Il concorso straordinario è riservato ai docenti in possesso di diploma magistrale conseguito entro l’a.s. 2001/02 o laurea in Scienze della formazione primaria con due annualità di servizio specifiche per il posto richiesto, svolte nella scuola statale negli ultimi otto.

Il Miur ha chiarito

  • per due anni di servizio si intendono 180 giorni per a.s. o  servizio continuativo dal 1° febbraio fino agli scrutini finali
  • al concorso per i posti di sostegno accedono i docenti in possesso del titolo di specializzazione. Il servizio però sarà considerato valido anche se svolto prima del conseguimento della specializzazione
  • Con  il termine “specifico”  si intenderà quello prestato rispettivamente nell’ordine dell’infanzia e primaria.
  • il servizio specifico (nella scuola dell’infanzia e primaria) prestato sui posti di sostegno sarà valido ai fini dell’ammissione al concorso per i posti comuni.

Per accedere al concorso per sostegno bisogna dunque essere in possesso della relativa specializzazione.
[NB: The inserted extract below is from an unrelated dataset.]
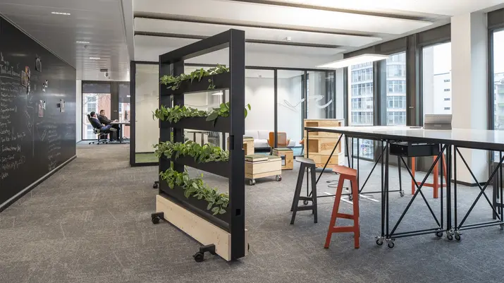 "Von uns, für uns” – unter dieses Motto könnte man das Office-Projekt des Drees & Sommer-Standorts in Frankfurt am Main setzen. Von der Bedarfsanalyse, über die Suche und Begehung potenzieller neuer Mietflächen, bis hin zu Ausstattungskonzeption, Change Management und Koordination der ausführenden Gewerke: Klassische User Centric Spaces and Places-Leistungen für Kundenprojekte haben die Kolleginnen und Kollegen hier im Eigenauftrag ausgeführt. Das Ergebnis? Ein anziehender Gemeinschaftsort mit „Next Level of Work”-Spirit.

Il servizio nelle scuole paritarie

La legge ha dunque escluso che il servizio svolto nelle scuole paritarie possa essere valido per l’accesso al concorso. E tuttavia, come riferito dallo Snals, durante la riunione è stata rilevata una incongruenza relativamente ai requisiti di ammissione poichè nei due anni richiesti non è contemplato il servizio prestato nelle scuole paritarie mentre lo stesso servizio è valutabile nei titoli di servizio.

L’amministrazione ha preso atto della posizione dello Snals e si è riservata di consultare l’ufficio legislativo.

Decreto e bando

Il decreto che disciplina termini e modalità del concorso sarà pubblicato ad ottobre, mentre per il bando bisognerà completare l’iter di autorizzazione. Il primo passaggio è la richiesta di parere al CSPI.